A collection of small, independent, reusable [Dagger](https://github.com/dagger/dagger) modules and AI agents for CI/CD pipelines. Built with the [Dagger SDK](https://docs.dagger.io) and published on the [Daggerverse](https://daggerverse.dev).

## Modules

Reusable building blocks for CI/CD pipelines. Each module is independent and focused on a single concern.

| Module | Description |
|--------|-------------|
| [**calver**](calver/) | Calendar Versioning utilities |
| [**gcp-auth**](gcp-auth/) | GCP authentication (OIDC, Workload Identity Federation, Service Account) |
| [**gcp-artifact-registry**](gcp-artifact-registry/) | Artifact Registry container image operations |
| [**gcp-cloud-run**](gcp-cloud-run/) | Cloud Run service and job deployment |
| [**gcp-vertex-ai**](gcp-vertex-ai/) | Vertex AI model deployment |
| [**gcp-firebase**](gcp-firebase/) | Firebase Hosting deployment and preview channels |
| [**angular**](angular/) | Angular build, lint, test, and serve utilities |
| [**health-check**](health-check/) | HTTP and TCP container health checking |
| [**oidc-token**](oidc-token/) | OIDC token exchange utilities |
| [**python-build**](python-build/) | Python build, lint, test, and typecheck utilities |
| [**semver**](semver/) | Semantic Versioning with Conventional Commits |
| [**dagger-mcp**](dagger-mcp/) | MCP server for Dagger engine introspection — schema, GraphQL queries, SDK guidance |

## AI Agents

AI-powered development and operations agents built with Dagger's LLM support. Each agent provides specialized entrypoints (`assist`, `review`, `build`, `write-tests`, `upgrade`, `develop-github-issue`, `task`) and uses MCP servers for extended capabilities.

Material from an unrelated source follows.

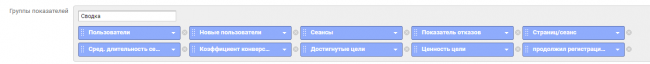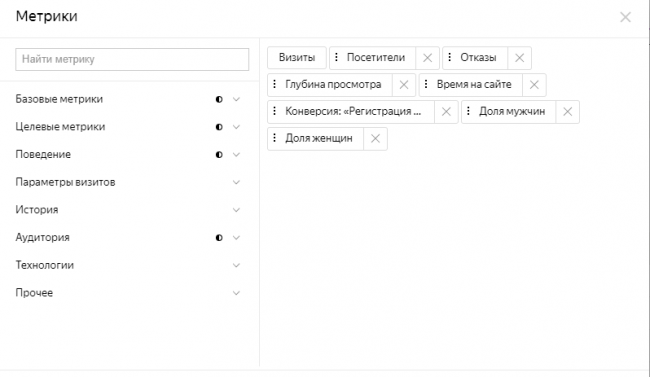 Метрики — это показатели, которые нас интересуют и которые тоже можно выбрать самостоятельно. Здесь есть базовые (поведенческие факторы — время на сайте, отказы, глубина и т. д.), целевые (показатели конверсии), а также метрики с информацией о демографии и используемых устройствах.
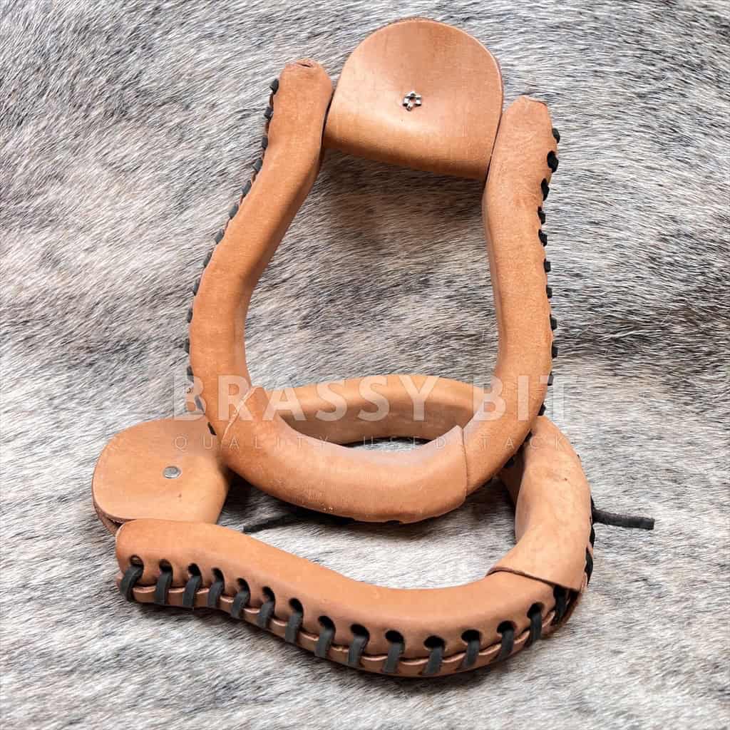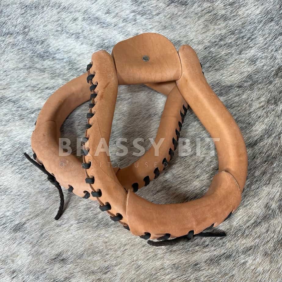 These are a nice set of stirrups, perfect for a working saddle. These are new without tags, never been used, and have a great look to them. These came off of a Dakota saddle, but aren’t branded, which isn’t unusual for stirrups. Only ‘wear’ to note is that they had a price tags on them, and that spot is a bit lighter than the rest of the leather. These aren’t weighted, but aren’t terribly light weight. 4″ bottom (measured where the foot falls), 3″ top. Nice set here!

### [Angie](angie/) — Angular Development Agent

Code analysis, reviews, test writing, building, and upgrades for Angular projects.

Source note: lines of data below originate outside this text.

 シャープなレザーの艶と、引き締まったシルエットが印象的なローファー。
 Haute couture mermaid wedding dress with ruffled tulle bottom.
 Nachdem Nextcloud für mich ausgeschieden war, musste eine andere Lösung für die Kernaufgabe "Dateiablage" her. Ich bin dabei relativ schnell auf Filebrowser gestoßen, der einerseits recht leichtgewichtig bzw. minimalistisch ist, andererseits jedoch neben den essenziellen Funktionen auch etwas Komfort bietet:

| MCP Server | Package | Description |
|------------|---------|-------------|
| `angular` | [`@angular/cli mcp`](https://angular.dev/ai/mcp) | Built-in Angular CLI MCP — code generation, modernization, best practices, documentation search |

### [Monty](monty/) — Python Development Agent

Linting, formatting, testing, package auditing, and code reviews for Python projects.

| MCP Server | Package | Description |
|------------|---------|-------------|
| `python-lft` | [`python-lft-mcp[tools]`](https://github.com/Agent-Hellboy/python-lft-mcp) | Lint (ruff), format (black/ruff), test (pytest), and type-check (mypy). Installed from GitHub (not yet published to PyPI). |
| `pypi` | [`pypi-query-mcp-server`](https://github.com/loonghao/pypi-query-mcp-server) | Package intelligence — version tracking, dependency analysis, download stats |

### [Goose](goose/) — GCP Operations Agent

Deployment, troubleshooting, and observability across Cloud Run, Firebase Hosting, Vertex AI, and Artifact Registry.

| MCP Server | Package | Description |
|------------|---------|-------------|
| `gcloud` | [`@google-cloud/gcloud-mcp`](https://github.com/googleapis/gcloud-mcp) | Cloud Logging, Cloud Monitoring, Cloud Trace, Cloud Storage, and full gcloud CLI access |

Goose also integrates the [Google Developer Knowledge API](https://developers.googleblog.com/introducing-the-developer-knowledge-api-and-mcp-server/) as native Dagger functions (`search_gcp_docs`, `get_gcp_doc`, `batch_get_gcp_docs`) for real-time GCP documentation search. These are exposed as regular functions rather than an MCP server because Dagger currently only supports stdio-based MCP servers, and the Developer Knowledge API is HTTP-based.

### [Daggie](daggie/) — Dagger CI Specialist Agent

Creating, explaining, and debugging Dagger modules and pipelines across all SDKs (Python, TypeScript, Go).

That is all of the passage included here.